(Source data)
—————

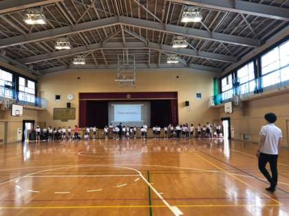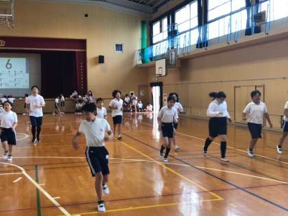 サブリーダーのリーダーの子どもたちが合同で体育館を走ります!20mシャトルランへの挑戦です!
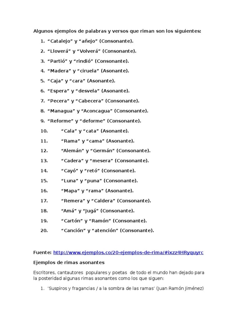 Tuvo un bote, una vela, una mar, un empeño. Y los redujo a cero. Ejemplos de palabras con rima consonante ; También denominadas rimas imperfectas, son las que coinciden en la sonoridad de las vocales de cada palabra a partir de la . Ejemplos de rima consonante y asonante ; Sonoramente todos los fonemas que siguen a la sílaba tónica de la última palabra del verso.
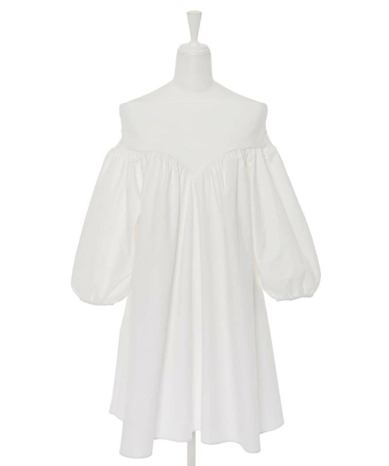 デコルテを映えさせるオフショルデザインとパフスリーブが女性らしいワンピース。オフショル部分は伸縮性のあるリブ素材で、身頃と袖部分は風通しの良いコットン素材を使用。ボディラインを拾わないAラインシルエットが嬉しいポイント。【model】H165 B78 H83
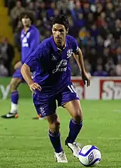 Midway through the 2000−01 season, Arteta went to French club Paris Saint-Germain on an 18-month loan.[4] He joined a star-studded team managed by Luis Fernandez, a team which included the likes of Mauricio Pochettino, Gabriel Heinze, Jay-Jay Okocha and Nicolas Anelka. Arteta would also later play with Ronaldinho when the Brazilian moved to Paris in the summer of 2001.[5] He made his senior debut on 10 February 2001 against Auxerre in the round of 32 of the 2000−01 Coupe de France.[6] Arteta started the match at the Parc des Princes and played the entire game in which PSG lost 4−0. On 17 February 2001, Arteta made his French Division 1 debut coming off the bench in the 34th minute for Vampeta in a 1−0 defeat against rivals Marseille, away at the Stade Vélodrome.[7] Arteta was used by Fernández primarily as a playmaker during his time in Paris,[8] he played 11 games in his first season and he scored his first senior goal on 12 May 2001 against Lille.[9] During Arteta's second season with PSG, he won the 2001 UEFA Intertoto Cup in the summer, watching both two-legged final games against Brescia from the bench.[10] He played 53 games in total for PSG and scored five goals.[11] PSG wanted to keep Arteta at the end of the loan period, and did have first refusal on the player.[12][13] Instead, he returned to Barcelona after his loan spell.
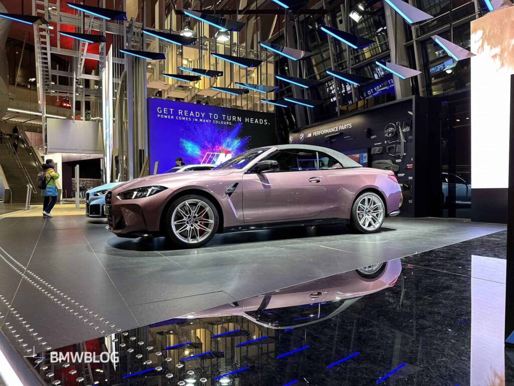 We get to see the M4 Coupe and M4 Convertible blowing 52 candles somewhere on an airfield in China. Both are LCI models with adaptive matrix LED headlights and laser taillights. While the G82 plays it safe with Brooklyn Grey paint, the G83 is a bit more daring with a Velvet Orchid finish. The coupe slides through M wheels conveniently placed 520 centimeters apart. The cabrio blows the 52nd candle with the fumes coming out of the exhaust.
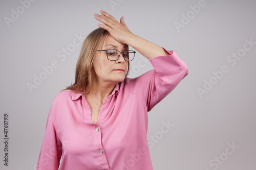 Business senior woman with glasses is having a headache. Studio photo on a gray background, with copy space
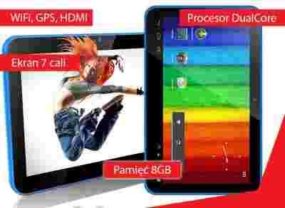 Tablet posiada 7 calowy ekran pojemnościowy. Procesor: DualCore 2x1.2GHz
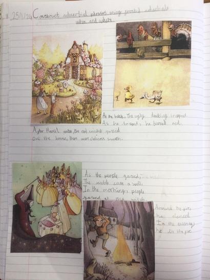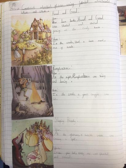 We created our own adverbial phrases for time and place using different scenes from well known fairy tales.
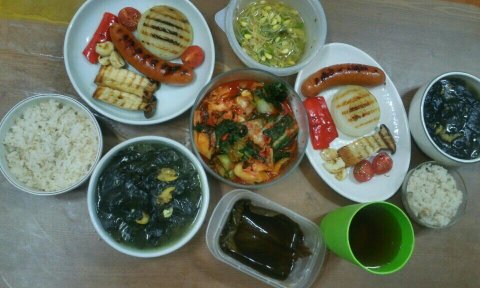 언발란스한 메뉴 선정이지만, 홍합넣고 끓인 미역국이랑 소세지채소구이~ 큰언니가 소세지 좋아해요 ㅋㅋㅋ
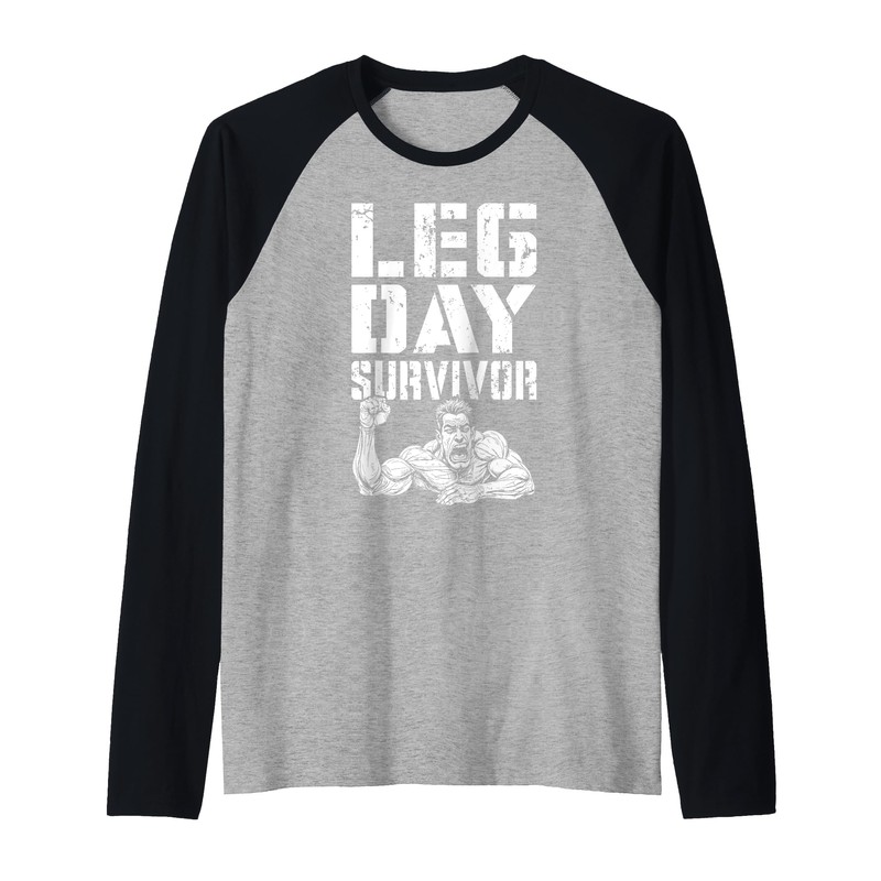 Leg Day Survivor Funny Bodybuilder Gym Squat Training Muscle Raglan Baseball Tee
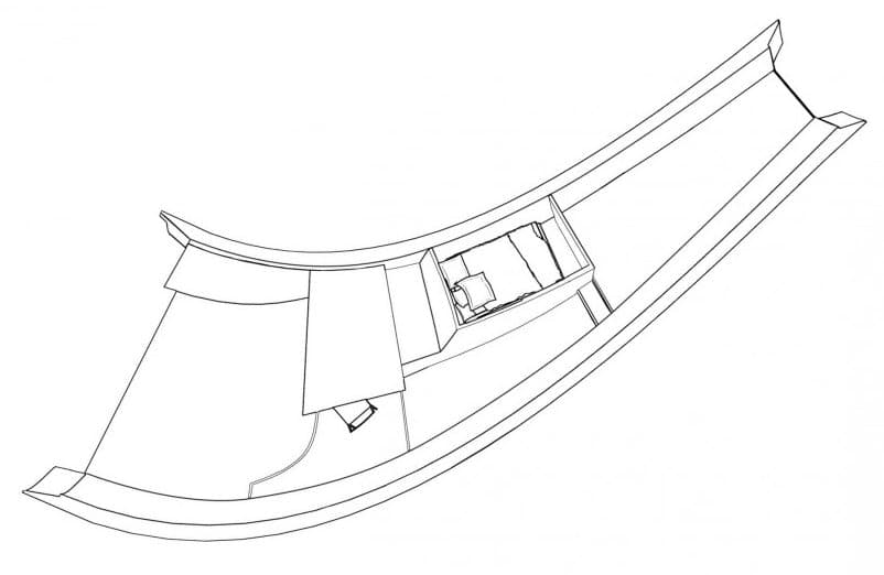 En sus 25m2 de superficie se ha distribuido una zona de trabajo, cocina, y dormitorio (en un habitáculo claustrofóbico). También se diseñó gran parte del mobiliario. Es un refugio hecho principalmente con madera de fresno, abeto, y álamo, pero con la parte frontal de acceso completamente vidriada. Está construido de forma respetuosa con el medio ambiente, y sin cimentación alguna que altere el terreno.
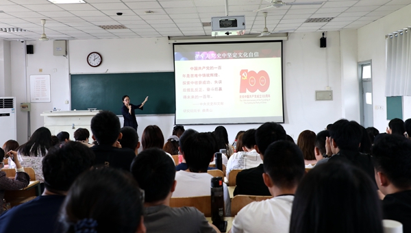 郎宁老师从“毛泽东思想和中国特色社会主义体系概论”课程的章节内容中选材,以“在学习党史中坚定文化自信”为题,从文化的内涵、坚定文化自信和提升中华文化软实力三个方面讲授了中国特色社会主义文化的历史底蕴和时代价值,深刻解读了我们国家从文化古国、文化大国到走向文化强国的历史必然和趋势要求。郎宁老师的课坚持以学生为中心,教学思路清晰,教学内容逻辑关联性强,教学方法使用得当,学生听讲认真,取得较好的教学效果,展现了作为一名思政课青年教师的风采。课后,大家对此次示范课予以充分肯定,相互交流了观摩体会。
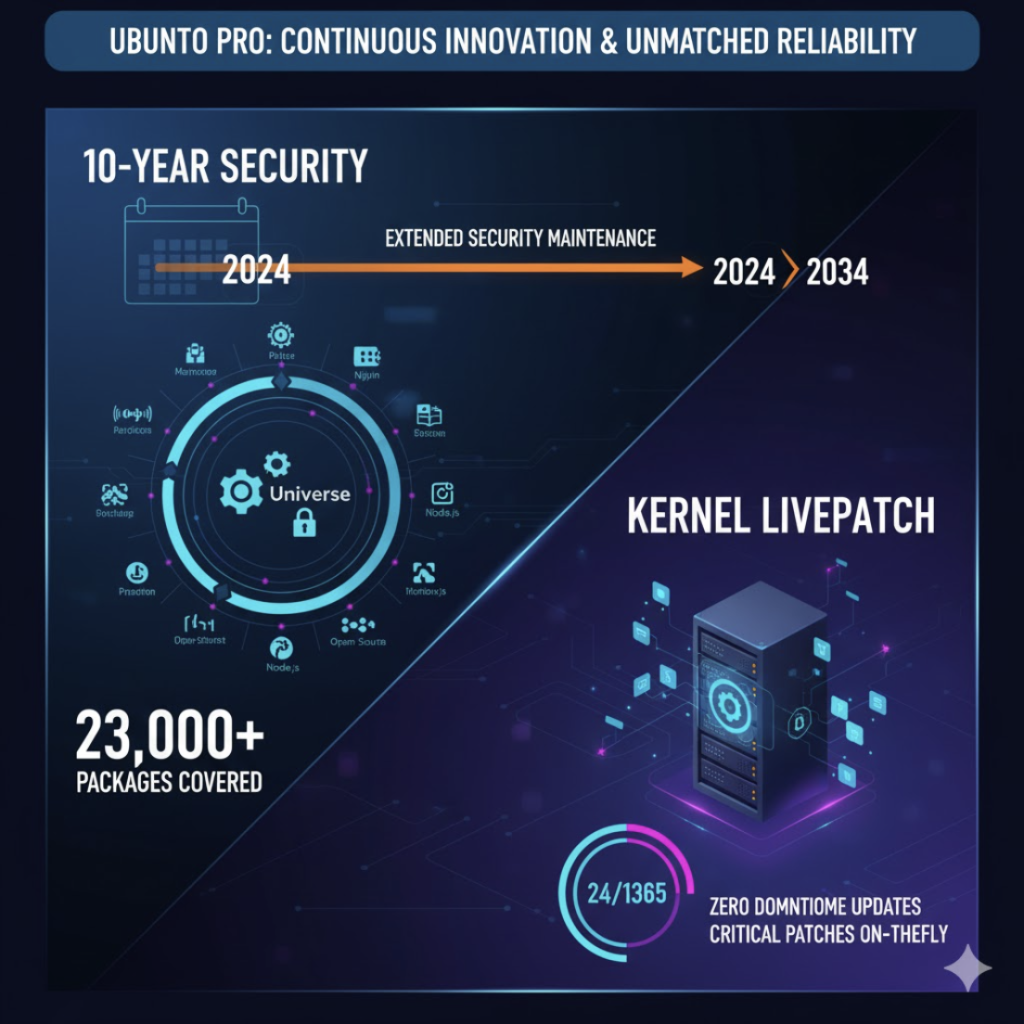 Ubuntu Pro คือ Subscription Service ที่ออกแบบมาสำหรับองค์กรและภาคธุรกิจโดยเฉพาะ โดยมุ่งเน้นการให้บริการ 3 ด้านหลักที่สำคัญที่สุด ได้แก่:
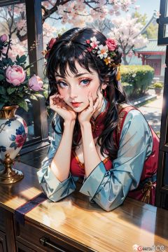 (domineering:1.4),best quality,masterpiece,(landscape:1.3),(peony (flower):1.2),(photorealistic:1.4),unity 8k wallpaper,vase,sunlight,blunt bangs,huasanchuan,(ultra detailed:1.3),(light_on_face:1.4),1girl,blcc,solo,(looking at viewer:1.2),looking at viewer,(leaning_on_object:1.2),light rays,large breasts,(long hair:1.3),outdoors,chinese new year,
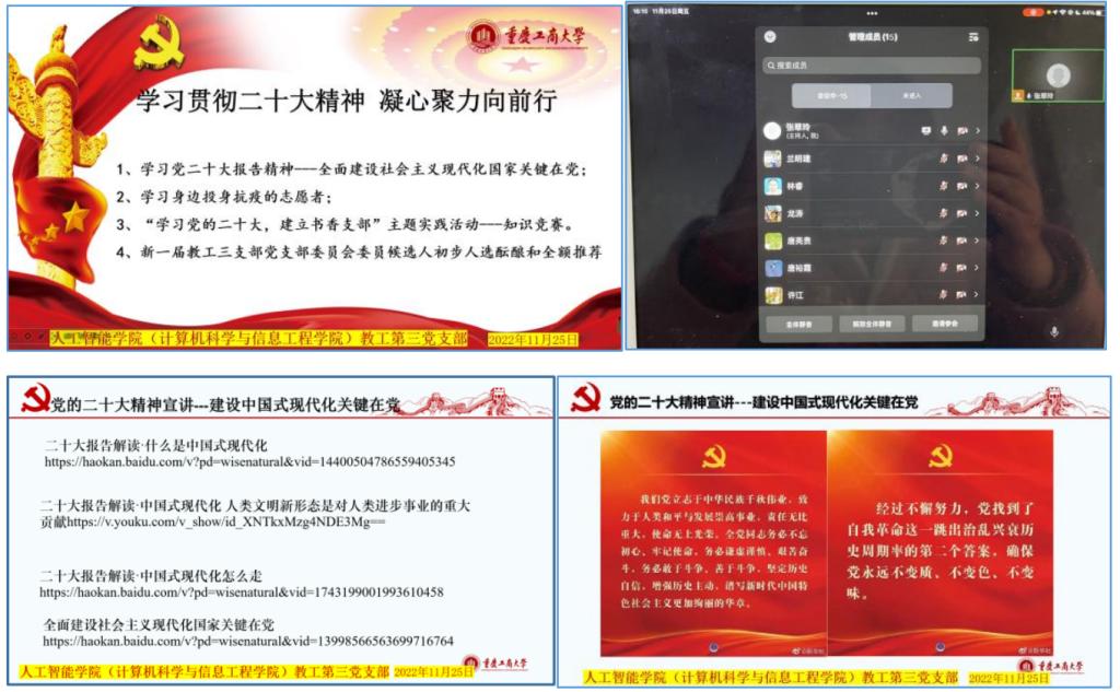 为深入学习贯彻党的二十大精神,把支部党员的思想统一到党的二十大精神上来,把力量凝聚到党的二十大确定的各项任务上来,11月23日下午4:00,sunbet教工第三党支部召开党员大会,通过企业微信组织全体党员开展了“党的二十大精神---全面建设社会主义国家关键在党”的专题学习,会议由支部书记张翠玲同志主持。
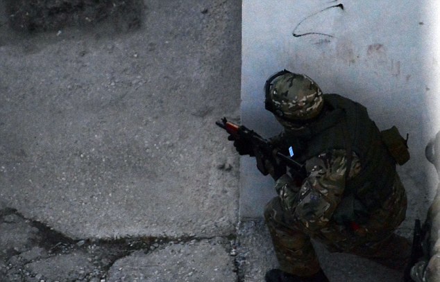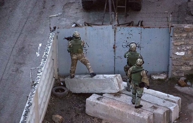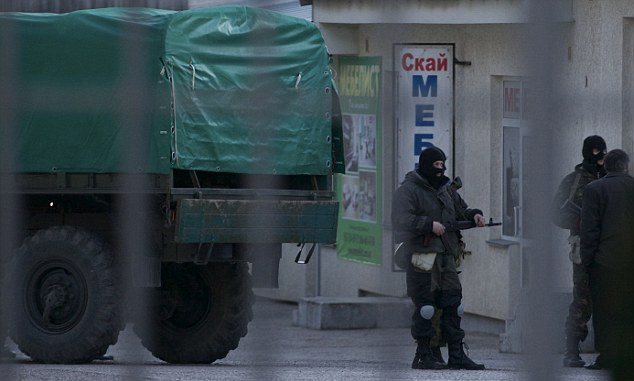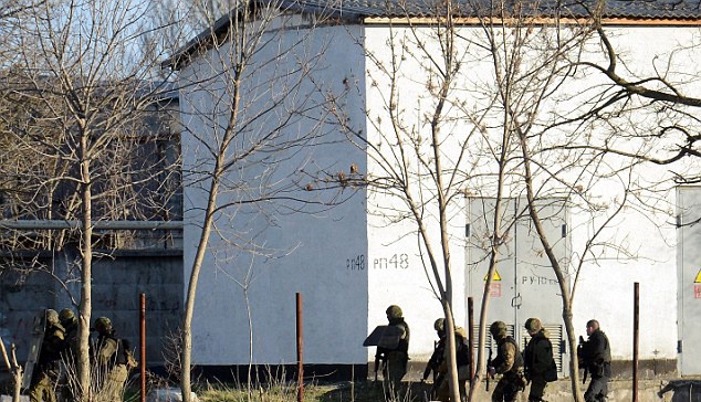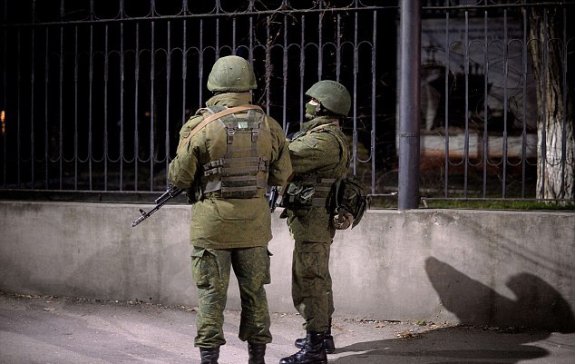 | Theo Daily Mail, binh sĩ Nga bắt các sĩ quan tại thủ phủ Simferopol của Crimea sau vụ nổ súng khiến hai người thiệt mạng. Trước đó, cùng ngày 18/3, Tổng thống Nga Vladimir Putin và đại diện Crimea ký kết hiệp ước sáp nhập bán đảo tự trị Crimea vào Liên bang Nga. Ảnh: AFP. |

—————

**Work to be completed**
Every record above should come back exactly, but without its pictures.

**Answer to this exercise**
 サブリーダーのリーダーの子どもたちが合同で体育館を走ります!20mシャトルランへの挑戦です!
 Tuvo un bote, una vela, una mar, un empeño. Y los redujo a cero. Ejemplos de palabras con rima consonante ; También denominadas rimas imperfectas, son las que coinciden en la sonoridad de las vocales de cada palabra a partir de la . Ejemplos de rima consonante y asonante ; Sonoramente todos los fonemas que siguen a la sílaba tónica de la última palabra del verso.
 デコルテを映えさせるオフショルデザインとパフスリーブが女性らしいワンピース。オフショル部分は伸縮性のあるリブ素材で、身頃と袖部分は風通しの良いコットン素材を使用。ボディラインを拾わないAラインシルエットが嬉しいポイント。【model】H165 B78 H83
 Midway through the 2000−01 season, Arteta went to French club Paris Saint-Germain on an 18-month loan.[4] He joined a star-studded team managed by Luis Fernandez, a team which included the likes of Mauricio Pochettino, Gabriel Heinze, Jay-Jay Okocha and Nicolas Anelka. Arteta would also later play with Ronaldinho when the Brazilian moved to Paris in the summer of 2001.[5] He made his senior debut on 10 February 2001 against Auxerre in the round of 32 of the 2000−01 Coupe de France.[6] Arteta started the match at the Parc des Princes and played the entire game in which PSG lost 4−0. On 17 February 2001, Arteta made his French Division 1 debut coming off the bench in the 34th minute for Vampeta in a 1−0 defeat against rivals Marseille, away at the Stade Vélodrome.[7] Arteta was used by Fernández primarily as a playmaker during his time in Paris,[8] he played 11 games in his first season and he scored his first senior goal on 12 May 2001 against Lille.[9] During Arteta's second season with PSG, he won the 2001 UEFA Intertoto Cup in the summer, watching both two-legged final games against Brescia from the bench.[10] He played 53 games in total for PSG and scored five goals.[11] PSG wanted to keep Arteta at the end of the loan period, and did have first refusal on the player.[12][13] Instead, he returned to Barcelona after his loan spell.
 We get to see the M4 Coupe and M4 Convertible blowing 52 candles somewhere on an airfield in China. Both are LCI models with adaptive matrix LED headlights and laser taillights. While the G82 plays it safe with Brooklyn Grey paint, the G83 is a bit more daring with a Velvet Orchid finish. The coupe slides through M wheels conveniently placed 520 centimeters apart. The cabrio blows the 52nd candle with the fumes coming out of the exhaust.
 Business senior woman with glasses is having a headache. Studio photo on a gray background, with copy space
 Tablet posiada 7 calowy ekran pojemnościowy. Procesor: DualCore 2x1.2GHz
 We created our own adverbial phrases for time and place using different scenes from well known fairy tales.
 언발란스한 메뉴 선정이지만, 홍합넣고 끓인 미역국이랑 소세지채소구이~ 큰언니가 소세지 좋아해요 ㅋㅋㅋ
 Leg Day Survivor Funny Bodybuilder Gym Squat Training Muscle Raglan Baseball Tee
 En sus 25m2 de superficie se ha distribuido una zona de trabajo, cocina, y dormitorio (en un habitáculo claustrofóbico). También se diseñó gran parte del mobiliario. Es un refugio hecho principalmente con madera de fresno, abeto, y álamo, pero con la parte frontal de acceso completamente vidriada. Está construido de forma respetuosa con el medio ambiente, y sin cimentación alguna que altere el terreno.
 郎宁老师从“毛泽东思想和中国特色社会主义体系概论”课程的章节内容中选材,以“在学习党史中坚定文化自信”为题,从文化的内涵、坚定文化自信和提升中华文化软实力三个方面讲授了中国特色社会主义文化的历史底蕴和时代价值,深刻解读了我们国家从文化古国、文化大国到走向文化强国的历史必然和趋势要求。郎宁老师的课坚持以学生为中心,教学思路清晰,教学内容逻辑关联性强,教学方法使用得当,学生听讲认真,取得较好的教学效果,展现了作为一名思政课青年教师的风采。课后,大家对此次示范课予以充分肯定,相互交流了观摩体会。
 Ubuntu Pro คือ Subscription Service ที่ออกแบบมาสำหรับองค์กรและภาคธุรกิจโดยเฉพาะ โดยมุ่งเน้นการให้บริการ 3 ด้านหลักที่สำคัญที่สุด ได้แก่:
 (domineering:1.4),best quality,masterpiece,(landscape:1.3),(peony (flower):1.2),(photorealistic:1.4),unity 8k wallpaper,vase,sunlight,blunt bangs,huasanchuan,(ultra detailed:1.3),(light_on_face:1.4),1girl,blcc,solo,(looking at viewer:1.2),looking at viewer,(leaning_on_object:1.2),light rays,large breasts,(long hair:1.3),outdoors,chinese new year,
 为深入学习贯彻党的二十大精神,把支部党员的思想统一到党的二十大精神上来,把力量凝聚到党的二十大确定的各项任务上来,11月23日下午4:00,sunbet教工第三党支部召开党员大会,通过企业微信组织全体党员开展了“党的二十大精神---全面建设社会主义国家关键在党”的专题学习,会议由支部书记张翠玲同志主持。
 | Theo Daily Mail, binh sĩ Nga bắt các sĩ quan tại thủ phủ Simferopol của Crimea sau vụ nổ súng khiến hai người thiệt mạng. Trước đó, cùng ngày 18/3, Tổng thống Nga Vladimir Putin và đại diện Crimea ký kết hiệp ước sáp nhập bán đảo tự trị Crimea vào Liên bang Nga. Ảnh: AFP. |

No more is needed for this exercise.